For several years the electrical theorists have predicted that the fatal blow to modern comet mythology will come from the absence of sufficient water ice or other ices on a comet nucleus to produce the jets and coma. This prediction has already been fulfilled, but the message has yet to register. After repeated failures to find any water on comet surfaces, NASA spokesmen celebrated the “success” of the Deep Impact mission when they thought they had found, on the surface of Comet Tempel 1, a minuscule .005 of the water required by theory to explain the signals associated with water in the coma.
When findings repeatedly discredit an accepted model in the sciences, it’s time to consider the findings from a different vantage point –to look for a pattern that has been missed. For the electrical theorists, the pattern is too obvious to be missed. The unexplained features are predictable effects of an electric discharge, and nothing that an electrical expert would look for is missing from NASA’s discoveries.
It is also inconceivable that the collapse of comet theory could stand as an isolated event in astronomy. The physical universe is not a bundle of contradictions, even if modern “explanations” are. A comet discharging electrically as it approaches the Sun means simply that the Sun is the focus of electrical activity strong enough to produce the observed cometary phenomena. That includes the visible flare-up of comets while in “deep freeze” beyond the orbit of Saturn. The implication, according to Electric Universe advocates, is that sufficient electrical energy is available from the galaxy to power the Sun. A tiny charged comet occasionally taps into that solar circuit to produce a visible display.

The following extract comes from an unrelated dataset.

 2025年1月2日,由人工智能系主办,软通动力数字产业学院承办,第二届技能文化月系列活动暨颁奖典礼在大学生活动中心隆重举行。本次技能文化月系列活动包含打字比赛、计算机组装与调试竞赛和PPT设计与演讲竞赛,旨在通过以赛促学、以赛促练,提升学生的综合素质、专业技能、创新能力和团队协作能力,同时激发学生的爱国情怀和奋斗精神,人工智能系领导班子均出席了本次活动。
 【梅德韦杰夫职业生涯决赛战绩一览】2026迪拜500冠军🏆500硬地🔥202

But in the past 75 years, most astronomers never entertained electricity as a source of energy in the cosmos – despite its usefulness to mankind. A Sun energized electrically will be much more of a “shock to the system” than an electric comet. For decades we’ve been assured that the science of the Sun is well established—a few i’s to dot, a few t’s to cross, and little to fret about. But those expressing this confidence had no training in electrical discharges in thin plasma. Instead they treated the solar wind merely as a wind, with a weak magnetic field thrown in. They did not see that the magnetic field and the reaction of a comet to the solar wind, when interpreted as electrical phenomena, answer the greatest mysteries of the Sun.

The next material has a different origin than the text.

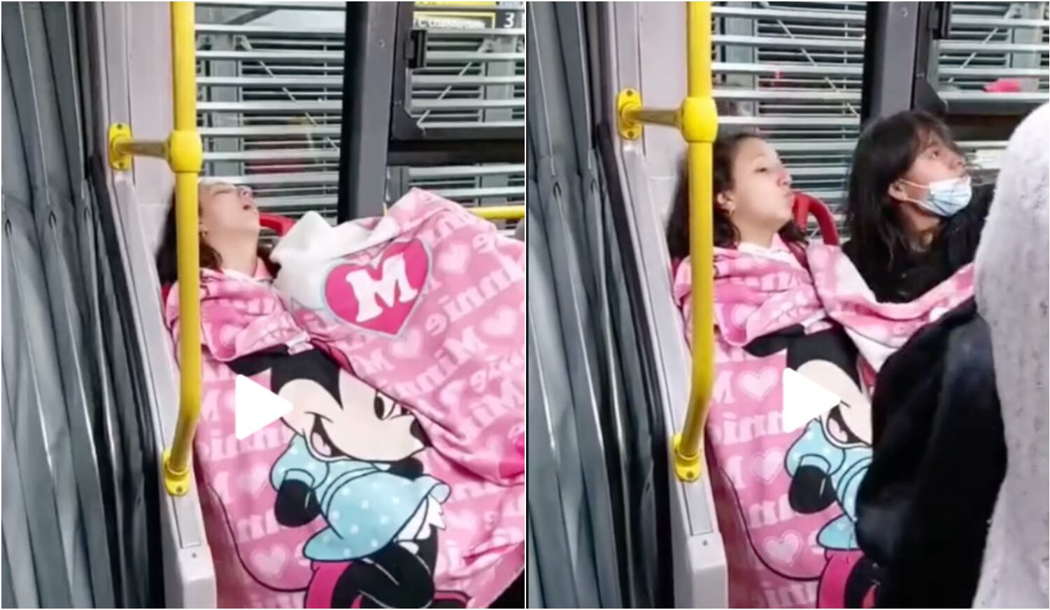 Según lo que se puede ver en la grabación, las dos personas van sentadas en un articulado, completamente dormidas, y cubiertas con una cobija rosada de Minnie y Mickey. Sin embargo, un pasajero le tocó el hombro a uno de ellos porque era tal la comodidad que tenían que estaban ocupando una silla de más y ningún otro pasajero se podía sentar ahí.

Why, for example, do the charged particles of the solar wind defy gravity and continue to accelerate as they move away from the Sun, out past the planets? And how is it that the temperature of the Sun leaps from a few thousand degrees at the surface to a million degrees above the surface, at the corona?
These questions are easy to explain if the energy is coming from outside the Sun. In the electrical model, the Sun (like all stars) is an anode, or positively charged focus within a galactic discharge. The Sun's electrical influence extends out to a plasma sheath, incorrectly called the heliopause, far beyond the orbit of Pluto. The electrical acceleration of the solar wind and the ion tail of a comet, therefore, is exactly what should happen, and there is no other credible explanation of this phenomenon.

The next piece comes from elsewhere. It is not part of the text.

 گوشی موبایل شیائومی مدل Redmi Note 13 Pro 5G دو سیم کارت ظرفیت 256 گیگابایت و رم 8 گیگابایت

Those who are not trained in plasma discharge behavior are unaware that throughout almost the entire volume of space within the Sun's plasma sheath, the electric field remains weak but constant in strength, representing an immense electric potential across the vast distance to the boundary of the Sun’s electrical domain. It is not until charged particles are very close to the Sun that they experience strong electric fields in 'double layers' that heat the solar corona and form the global electrical storm we call a star.
The electrical theorists Wallace Thornhill and Don Scott have enumerated at least two dozen enigmas of solar behavior that immediately disappear when you grant the same electric field that is implied by the electric comet.
And what of planetary science? From an electrical vantage point, the electric arcs that have carved the surfaces of comets can be compared to those that, in an earlier phase of solar system history, etched the surfaces of planets and moons. The astronomer's bafflement at recent close-up images of comets is just like their response to enigmatic surface features of larger rocky bodies in the solar system—from the tortured surfaces of Venus and Mars to the alien worlds of Jupiter and Saturn. The sharply sculpted nuclei of comets reveal the same features we see on rocky planets and moons—craters, rilles, spires, mountains, ridges, mesas rising from flat valley floors and etched relief—just the opposite of what astronomers had expected. Of course, the prevailing model of comets, envisioning a sublimating chunk of dirty ice, does not allow that similar features could have similar causes, though that is precisely the message of the electric theorists.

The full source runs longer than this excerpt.